Use the LRT P value to determine whether the corresponding 3-parameter distribution improves the fit over the 2-parameter distribution. The LRT P value of 0.225 suggests that the 3-parameter Weibull distribution does not significantly improve the fit compared to the 2-parameter Weibull distribution. The LRT P value of 1.000 suggests that the 3-parameter gamma distribution does not significantly improve the fit compared to the 2-parameter gamma distribution. However, the 3-parameter lognormal improves the fit over the 2-parameter lognormal (LRT P = 0.007) and the 2-parameter exponential improves the fit over the exponential (LRT P = 0.000).

Probability plot - The probability plot includes percentile points for corresponding probabilities of an ordered data set. The middle line is the expected percentile from the distribution based on maximum likelihood parameter estimates. The left and right line represent the lower and upper bounds for the confidence intervals of each percentile.

The probability plots shows that the data points fall approximately on a straight line and within the confidence intervals for the 2-parameter Weibull, 3-parameter Weibull, largest extreme value, and gamma distribution.
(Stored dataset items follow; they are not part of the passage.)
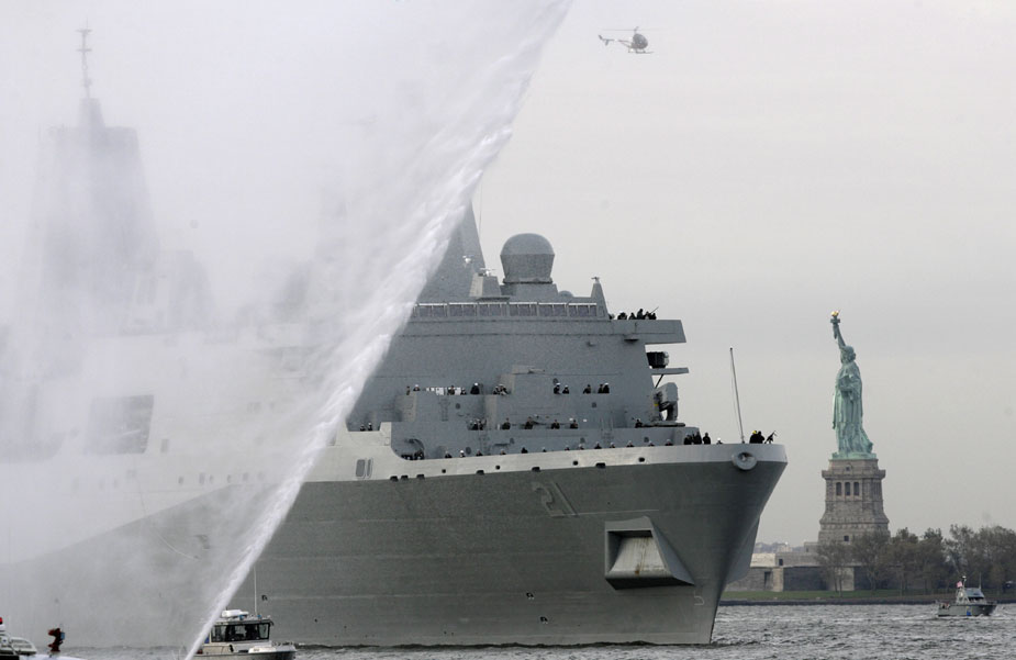 周一(2日),由紐約世界貿易中心廢鋼建成的美國軍艦駛過自由女神像。來源:中國新聞網
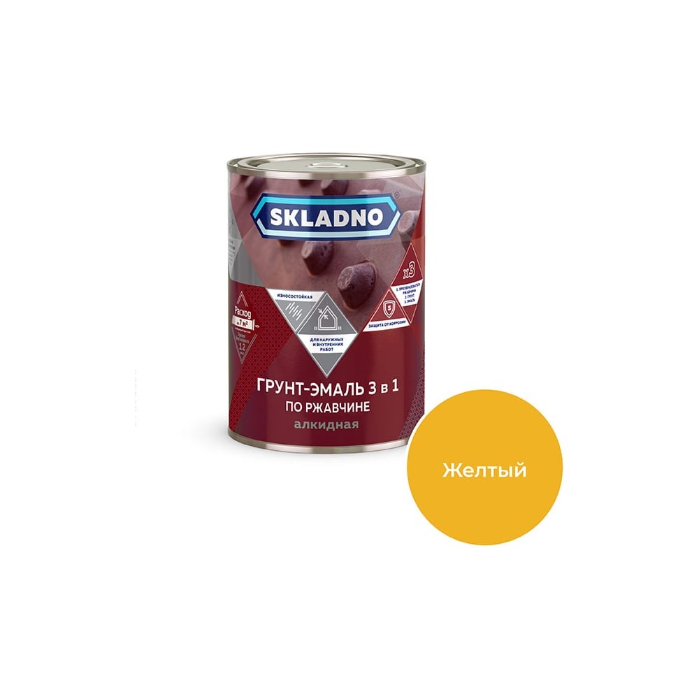 Предназначена для окрашивания чистых и ржавых металлических поверхностей. Состав: модифицированная алкидная смола, антикоррозионные наполнители, пигменты, растворитель, сиккатив, функциональные добавки; Вес: 1,8 кг; Цвет: желтый. Желтый Уникальный продукт сочетающий в себе свойства 3-х компонентов: преобразователя ржавчины, антикоррозионного грунта и декоративной эмали. Преимущества: - Возможно нанесение прямо на ржавую поверхность; - Прекращает развитие ржавчины на металле; - Экономит время - легкая в нанесении.
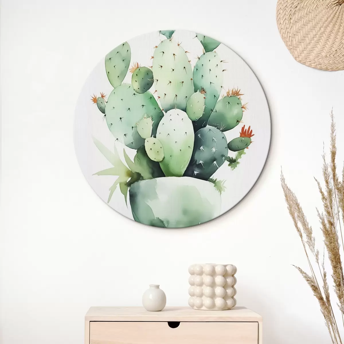 Okrągły obraz Mokra akwarela imitująca kaktus Nr r42410
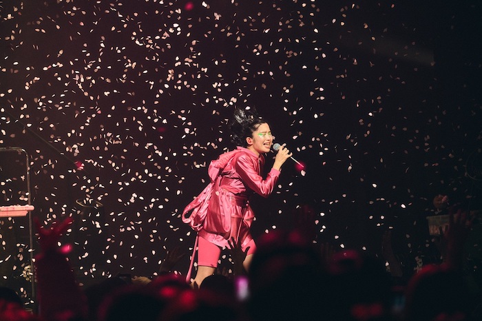 アイマスクを颯爽と投げ捨てたマナが「Hi, everybody!! We’re CHAI. It’s a show time!」と叫んで、Mndsgnをフィーチャーして制作された「IN PINK (feat. Mndsgn)」へ。ユウキが奏でるシンセから放たれるブリブリのベースラインと、ユナが刻むタイトなビートが最高にクール。アウトロではカナがジューシーなギターを響かせ、そこから「ラブじゃん」「アイム・ミー」、そしてユニークな“物販紹介ソング”を挟んでの「Sound & Stomach」と、時にハートフルに、時にキュートに、バンドサウンドならではの有機的な開放感と幸福なカタルシスを生み出すセクションへと入っていく。
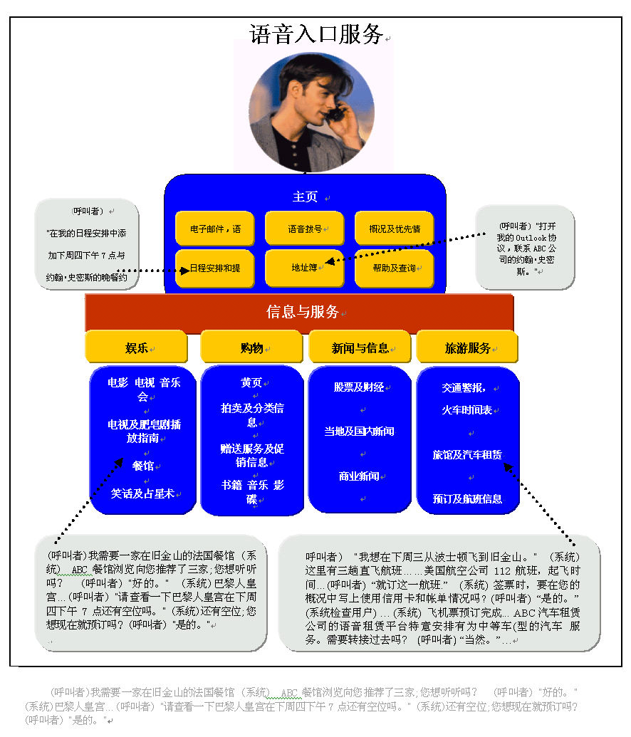 語音網(wǎng)最吸引人之處就在于它可以在一次通話中,同時(shí)處理多個(gè)任務(wù)。下圖表明一名商務(wù)人員是如何安排好與一個(gè)未來的商務(wù)旅行有關(guān)的一系列任務(wù)的。他獲取了對(duì)自己有用的信息,順利達(dá)成了一項(xiàng)語音商務(wù)交易,接收個(gè)人信息和辦公室的幫助,并撥打電話所有這些都是在一個(gè)同步過程中完成的。

If more than one distribution fits your data, see selecting a distribution for guidance. If both normal and nonnormal models fit the data about the same, it is probably better to choose the normal model, since it provides estimates of both overall and within process capability. For other example using these data, see Example of Capability Analysis for Nonnormal Data and Example of Capability Analysis using a Box-Cox Transformation.